» Task
Transcribe, exactly and without pictures, the lines below from the line with "당초 정부는 2023-2025년까지" to the line with "На страницах сайта", both ends included, and no others.

» Listed records
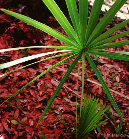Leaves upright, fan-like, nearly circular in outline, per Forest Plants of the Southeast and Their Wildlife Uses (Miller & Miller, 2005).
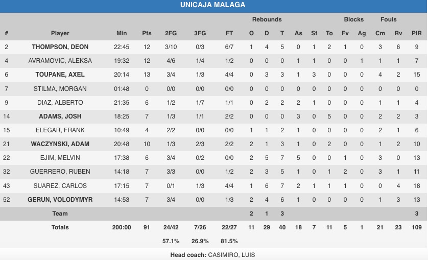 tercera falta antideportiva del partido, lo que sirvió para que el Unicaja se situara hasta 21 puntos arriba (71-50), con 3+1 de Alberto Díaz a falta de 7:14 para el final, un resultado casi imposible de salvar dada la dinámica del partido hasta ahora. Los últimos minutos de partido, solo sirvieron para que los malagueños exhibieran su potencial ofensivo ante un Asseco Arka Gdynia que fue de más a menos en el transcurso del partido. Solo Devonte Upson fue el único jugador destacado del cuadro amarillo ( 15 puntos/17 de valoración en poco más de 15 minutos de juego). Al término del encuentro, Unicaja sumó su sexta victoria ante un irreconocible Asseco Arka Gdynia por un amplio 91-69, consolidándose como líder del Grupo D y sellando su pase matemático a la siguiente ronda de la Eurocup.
...
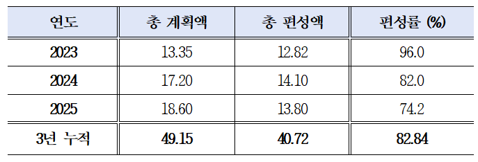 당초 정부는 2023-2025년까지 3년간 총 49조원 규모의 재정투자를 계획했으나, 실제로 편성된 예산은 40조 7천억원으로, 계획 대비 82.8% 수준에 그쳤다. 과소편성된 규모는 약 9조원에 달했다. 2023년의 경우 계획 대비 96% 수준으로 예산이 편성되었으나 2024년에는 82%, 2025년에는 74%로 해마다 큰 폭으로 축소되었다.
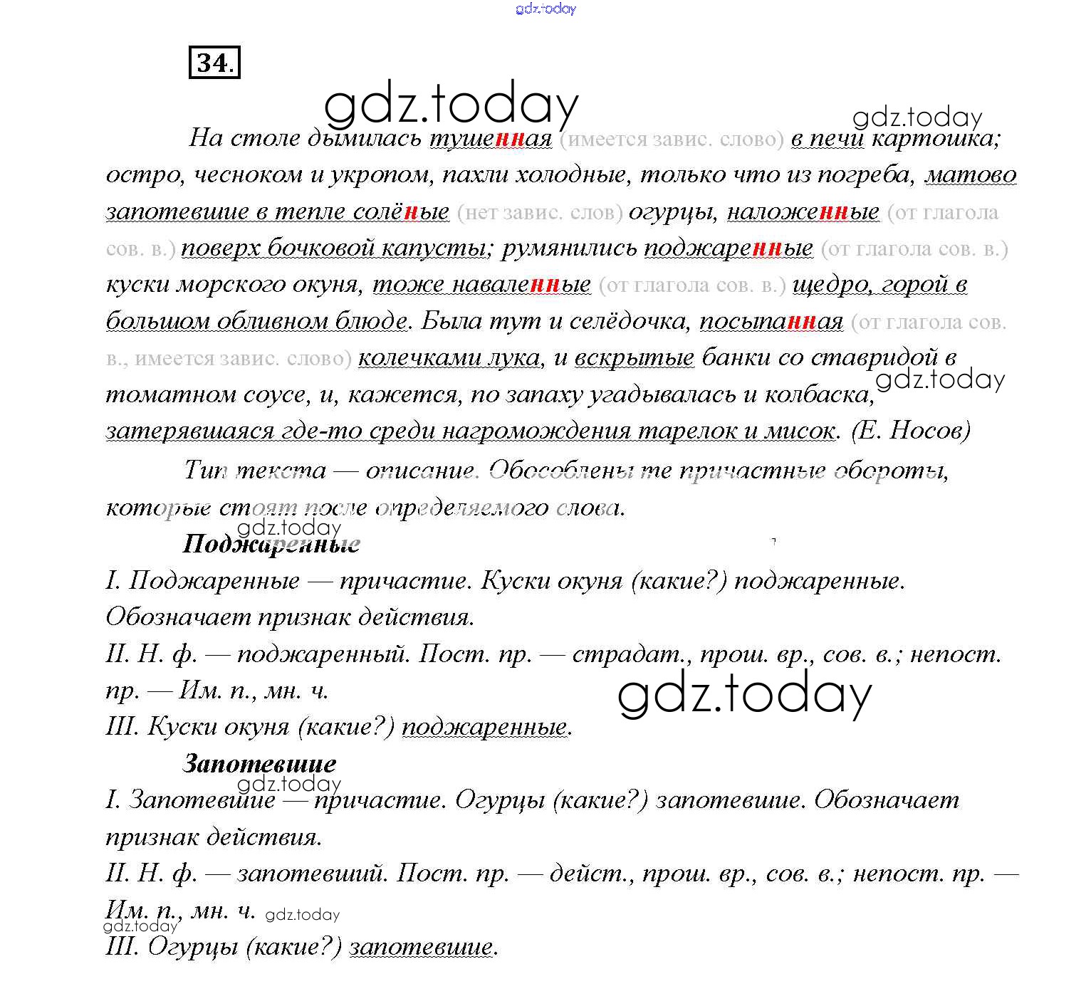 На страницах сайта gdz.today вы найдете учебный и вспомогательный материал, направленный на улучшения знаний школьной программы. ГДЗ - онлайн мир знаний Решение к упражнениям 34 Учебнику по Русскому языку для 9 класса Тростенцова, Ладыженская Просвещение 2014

» Result of this task
 당초 정부는 2023-2025년까지 3년간 총 49조원 규모의 재정투자를 계획했으나, 실제로 편성된 예산은 40조 7천억원으로, 계획 대비 82.8% 수준에 그쳤다. 과소편성된 규모는 약 9조원에 달했다. 2023년의 경우 계획 대비 96% 수준으로 예산이 편성되었으나 2024년에는 82%, 2025년에는 74%로 해마다 큰 폭으로 축소되었다.
 На страницах сайта gdz.today вы найдете учебный и вспомогательный материал, направленный на улучшения знаний школьной программы. ГДЗ - онлайн мир знаний Решение к упражнениям 34 Учебнику по Русскому языку для 9 класса Тростенцова, Ладыженская Просвещение 2014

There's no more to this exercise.